Jenks High School, where I work, has a planetarium in the science building. It hosts thousands of students and residents each year and is a point of local pride — when our band was in the Rose Bowl, it was the tidbit about Jenks selected to share with the nation.
For reasons unclear and inexplicable, the District is shutting it down.
I’m pretty upset — a lot of us are pretty upset — and I decided to attend tonight’s School Board meeting to share my thoughts. Here is what I said.
Thank you for the opportunity to speak tonight. I come both as a science teacher at the high school and also as a Jenks resident of six years. I’m here tonight because I believe that closing the planetarium is a significant mistake – a mistake educationally, a mistake procedurally, and a mistake symbolically. When I received the notice, I was stunned. My first reaction was dismay, followed swiftly by disappointment. The decision seems to stand opposite to the way we present this District to the world, the way we present this District to ourselves.
Jenks is unique among schools in Oklahoma in having such a facility – so much so that other local districts line up to partake. The planetarium is an excellent promoter of the District and a notable retention tool. Families notice distinctive opportunities; teachers do, too. The planetarium signals our high valuation of science and unique learning environments, giving us an easier time attracting ambitious students and supportive families as well as high-quality faculty.
The planetarium is an impressive multiplier.

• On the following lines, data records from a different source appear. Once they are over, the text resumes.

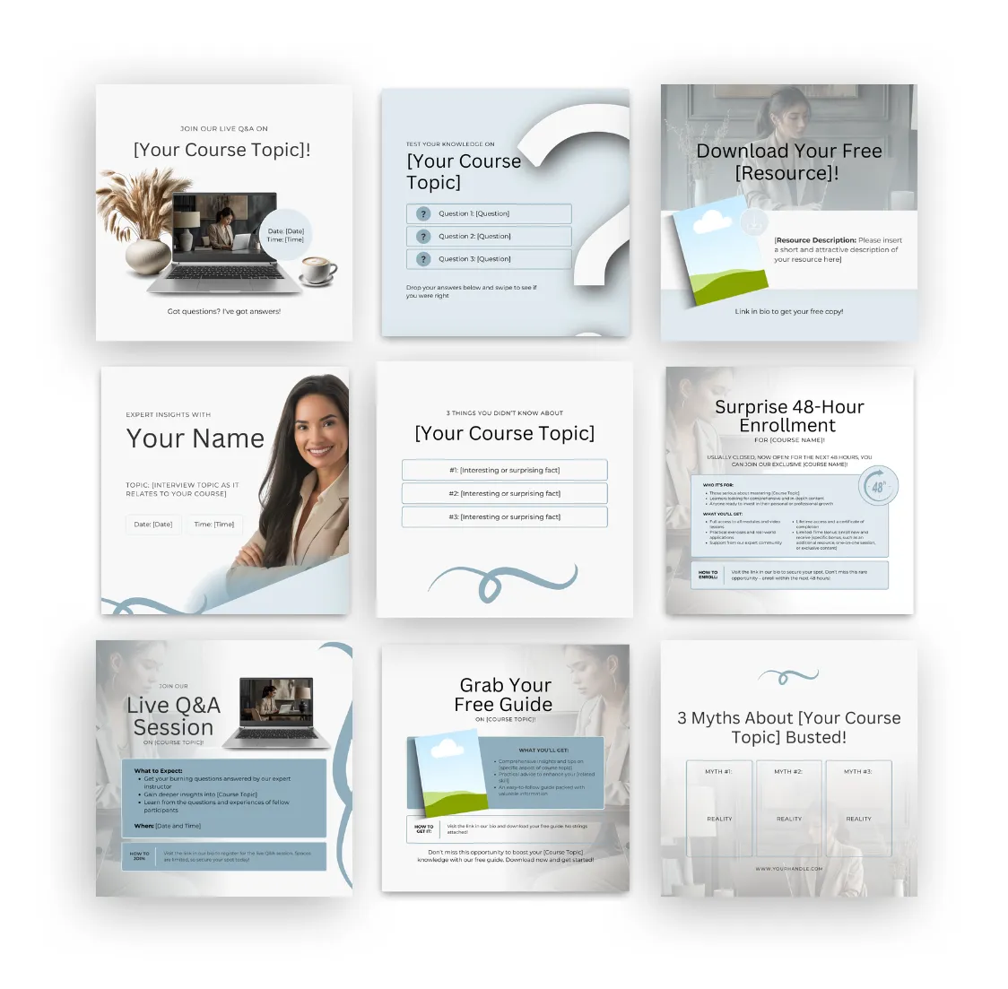 45 ready-to-customize Canva templates for your offer launch posts. Take the guesswork out of what to post and engage your audience effectively. No more racking your brain for ideas—just customize and go!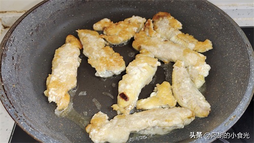 第四步:锅里烧油,把腌制好的鱼籽下入油锅中煎炸一会,煎至其四面金黄,香味扑鼻时用铲子将其切成小块,而后关火盛出备用。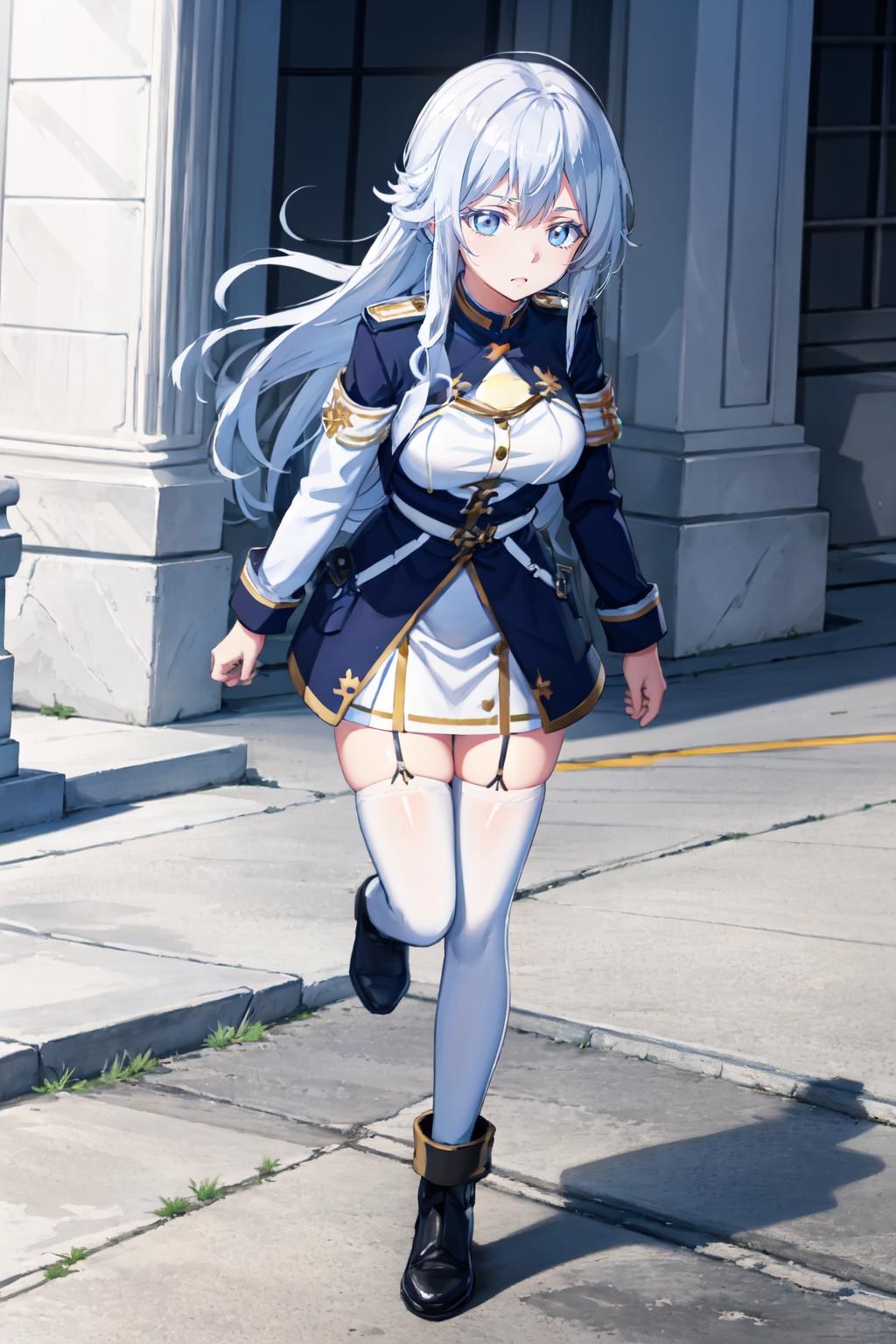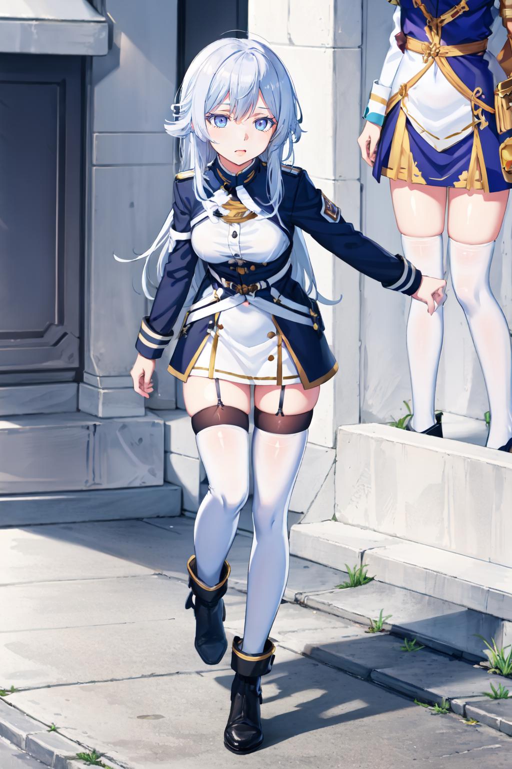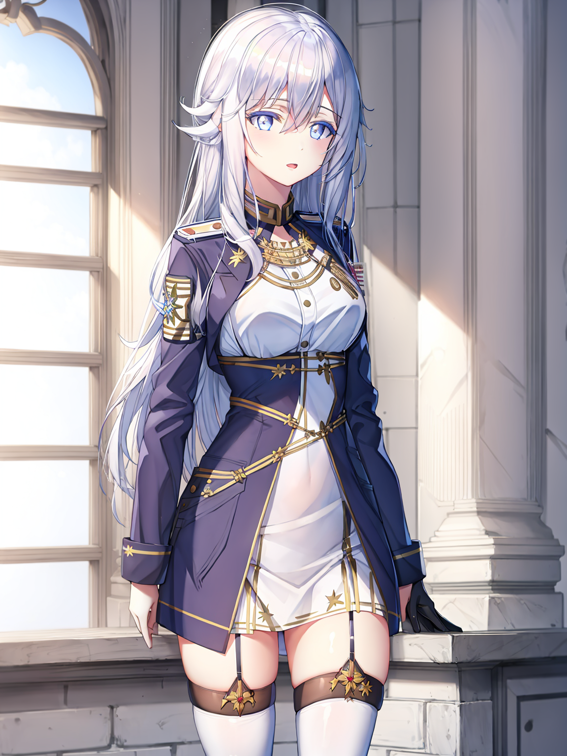 2. Full-body Features: Vladilena, 1girl, solo, thighhighs, ???????, long hair, garter straps, blue eyes, white thighhighs, looking at viewer, high heels, ?????????????, boots, blue jacket, open mouth, military, long sleeves, standing, military uniform, jacket, smile, full body, epaulettes, blue footwear, uniform, bangs, window, ?????????????, white hair, zettai ryouiki, grey hair, blush, dress, indoors, belt, high heel boots, short dress, aiguillette, cleavage

It serves the entire District population and supports not only astronomy but physics, earth science, geography, chemistry, and even cross-curricular programming. That’s an impressively efficient use of space and resources. Each year, thousands of students, from first grade through senior year, sit under that dome and are reminded that learning is bigger than themselves – that they are part of something bigger than themselves.

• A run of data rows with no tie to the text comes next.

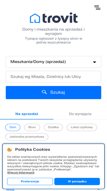 100%Wyszukiwarka mieszkań, domów, pokoi, działek, biur i lokali do wynajęcia i na sprzedaż w Polsce. Mieszkania, domy, pokoje, działki, biura i lokale do wynajęcia i na sprzedaż.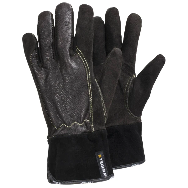 Mănuşi rezistente la tăiere pentru manipulări medii tegera 32 , din piele naturală de bovine, grad protectie cat. ii, marimi 7 – 13, culoare maro,negru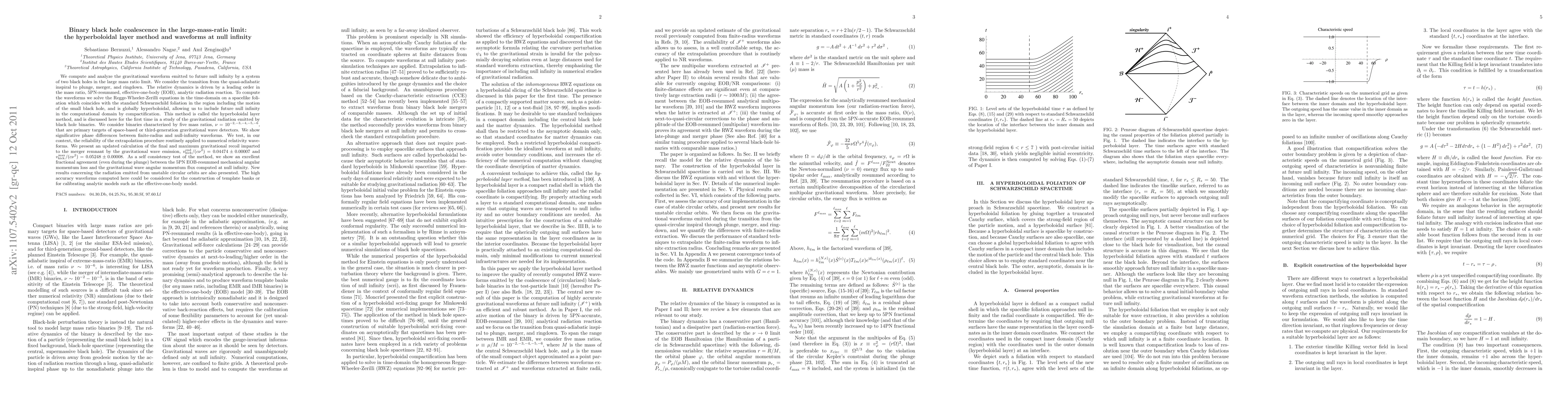 This paper investigates gravitational waveforms from binary black hole coalescence in the large mass-ratio limit using the hyperboloidal layer method. It demonstrates significant phase differences between finite-radius and null-infinity waveforms, validates the extrapolation procedure for numerical relativity waveforms, and presents an updated calculation of gravitational recoil from the merger remnant.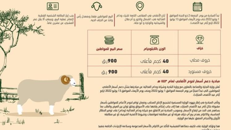 وأوضحت أنه تم الاتفاق مع شركة ودام الغذائية على توفير الخراف المحلية والمستوردة ليتم بيعها بأسعار مدعومة ومخفضة للمواطنين وفقاً للأوزان والأسعار المحددة، وهي: خروف محلي وزن 40 كيلوجراما فأعلى بسعر 900 ريال، وخروف مستورد بوزن 40 كيلوجراما فأعلى بسعر 900 ريال.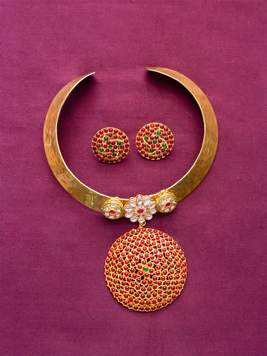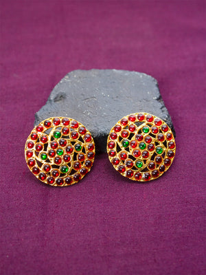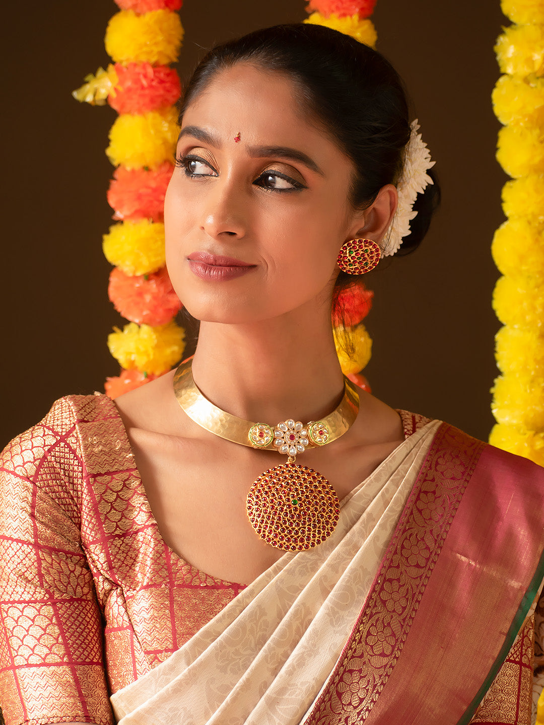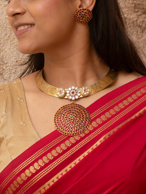 Shringaara - Premium Gold Finish Temple Necklace Set-Round Red Green and Kundan Stones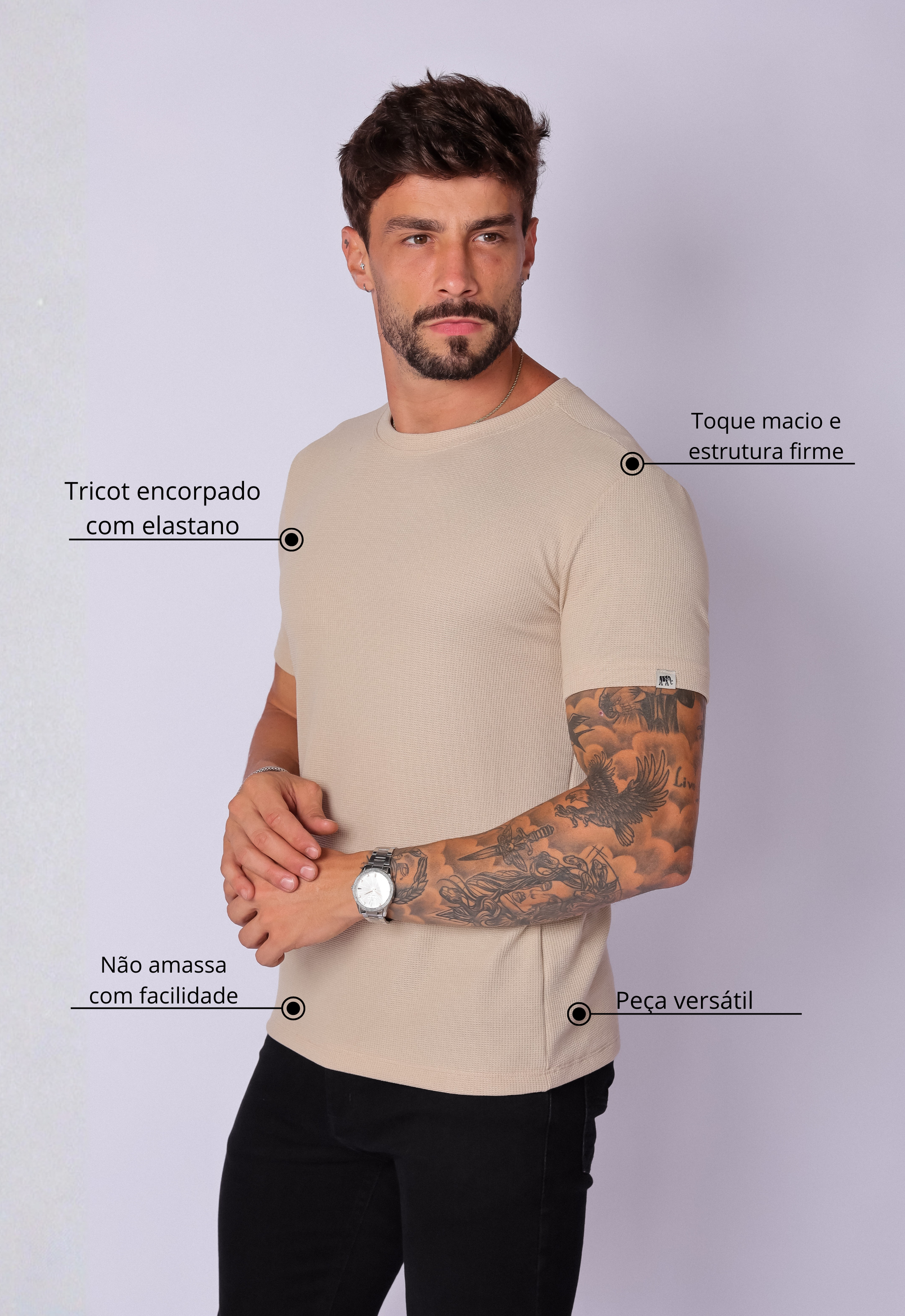 Uma peça clássica e versátil, Camiseta Masculina Tricot, ideal para quem busca estilo e conforto em qualquer ocasião. Esta camiseta em tricot, com modelagem slim, valoriza a silhueta e oferece um caimento moderno e ajustado. Seja para compor um look casual ou mais sofisticado, essa peça é indispensável no guarda-roupa masculino.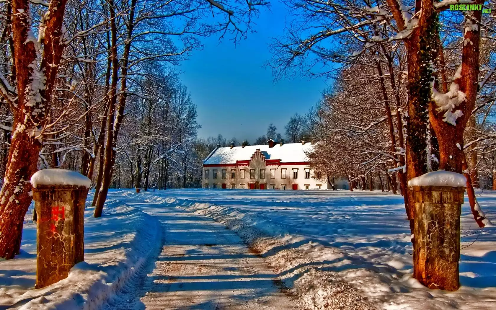 Rośliny: Zima, Śnieg, Dom, Drzewa, Droga

When I talk with people from outside the state – people who, only half-jokingly, ask why someone would move to Oklahoma to teach science – I need only mention the planetarium to quell their confusion. A planetarium universally says, we take our science education seriously. I’m not exactly sure what they’ll think when they hear we had a planetarium but abandoned it, but I can guess. In a time when science is under attack, having a public school maintain and share a planetarium is a stunning symbol of our commitment to the proposition that access to the beauty of the Universe, of science, of human learning in general, is the common and unshakable birthright of all members of society.
Shuttering it is a stunning symbol, too, whether or not that is the conscious intent.

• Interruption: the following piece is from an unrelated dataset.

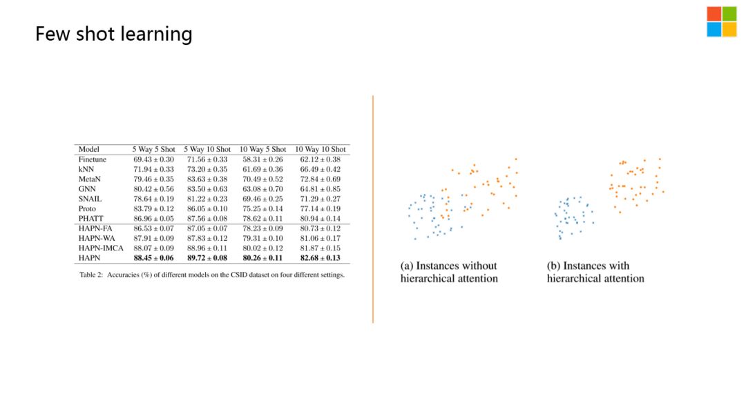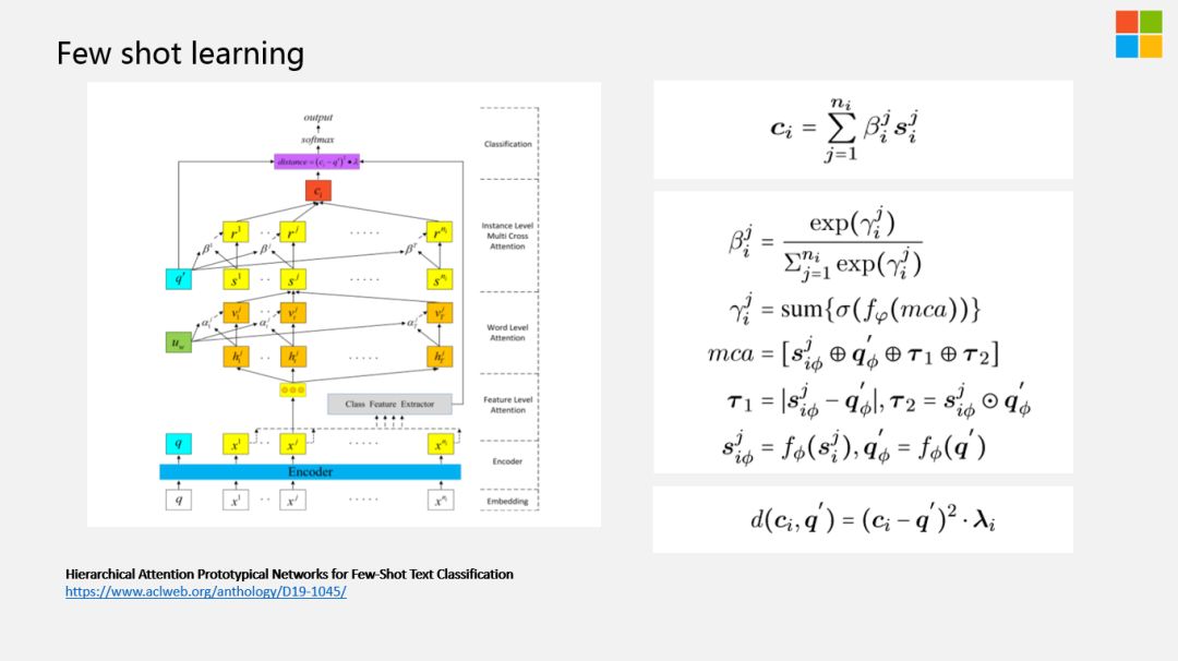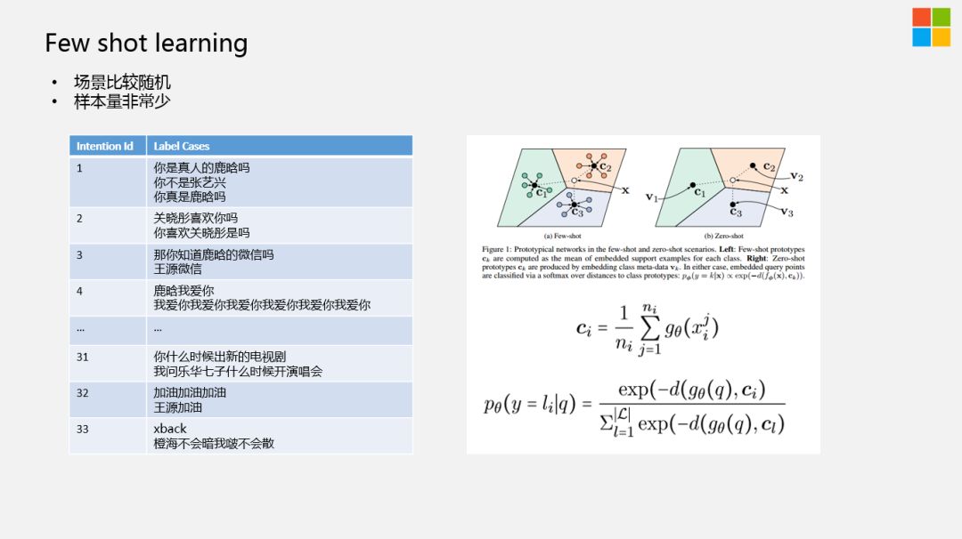 我们来看下,基于上下文的query改写结果,不管是人工评判,还是自动评判,都有比较好的结果。简单提一下,如图中左下角,我们用改写好的框架运行在实际的线上系统,端到端的衡量改写的Query,我们发现不做强化学习的模块,要高于baseline20个点,但是加入强化学习后的结果不是特别的多。我们再细致的看右边标注的结果,就是-1,0,1,2,3,其中1,2,3相对来讲是比较好的回复,大家可以看到0的比例会显着高于baseline也会高于不加LR的模块。在实际中,我们采用的是CRN的方法。在我们的对话系统中会有很多的意图,与task不同点在于task的query表达相对清晰、句式结构以及用词相对明确,但在对话系统中我们会发现有很多的Query潜在的意图可能是一样的,甚至有些Intention可能还没有Entity,场景比较随机。另外,我们能得到的样本其实非常少的,特别是小意图,基本上还是通过人工标注的方式来得到训练数据。在小样本学习中,有一个比较经典的领域,就是Meta Learning,Meta Learning又分为:基于model based方法,metric based方法。基于Metric based中又有一种方法是基于原型的网络。简单解释下原型网络:假设,现在的样本比较少,我们可以通过原型网络来建模。由于每一类都有一些小样本,在建模过程中,每一次都是随机的挑一些类别,每一类中也尽可能的挑一些样本出来,然后通过原型网络进行建模。每一个样本我们挑出来之后,都会得到一个表达,经过多次的训练,就会得到每个样本的不同表达。然后对某一类中,所有的样本做平均:我们认为C1 ( 见上图 ) 是对应的类的中心点,同样C2,C3也是各自对应的类的中心点。当一个新的Query来了之后,我们会对新的Query也进行建模,得到一个表达X,当前的X跟已有类别的distance,可以通过下面的方式,进行衡量:然后进行归一化操作得到概率,即x属于每一个类的概率。这样做有一个好处:当有新的类别加进来之后,整个模型并不需要进行特别多的改动,对于这种比较随机的场景,每天可能新增十几种新的意图,但是增加一个新的意图,并不需要再显示的重新训练模型。因为原型网络这种方式,已经在帮你尽可能的对样本做很好的建模。所以在实际系统中,我们基本上能做到20分钟以内,只要把意图构建好之后,就能把整个model重新推上线,非常的快。我们发现,Ci是根据样本的个数来做均等的分配,我们认为这不是一个特别好的思路。所以说我们做了Hierarchical Attention,这样的原型网络。具体细节大家可以看论文:Hierarchical Attention Prototypical Networks for Few-Shot Text Classificationhttps://www.aclweb.org/anthology/D19-1045/在这里,我们认为样本空间中的每一个样本对中心点的贡献都是不一样的。所以我们会有一个βij的表达,通过中间的Word Level Attention以及Instance Level Multi Cross Attention尽可能分出来每个样本对中心点Contribution。最后用当前的Query,类似的,通过Encoder layer得到q'。每个样本Ci的表达,用上面新的表达来进行更新,对每一类的标签,也会有一个新的Class Feature Extractor,也就是新的向量的表达。因为样本本身也是分布不均匀的,所以λi也是需要做建模的。

Jenks prides itself on embodying innovation, forward thinking, and leadership in education. Far from being peripheral to that vision, the planetarium is emblematic of it. I urge the Board to reverse this decision or, at the very least, pause it. Invite stakeholder input and seriously explore ways to preserve this amazing program and facility, this obvious and irrefutable symbol of a commitment to science and higher learning. If Jenks is going to lead, let us lead by protecting the sort of program that other districts wish they had.
Thank you for your time and attention.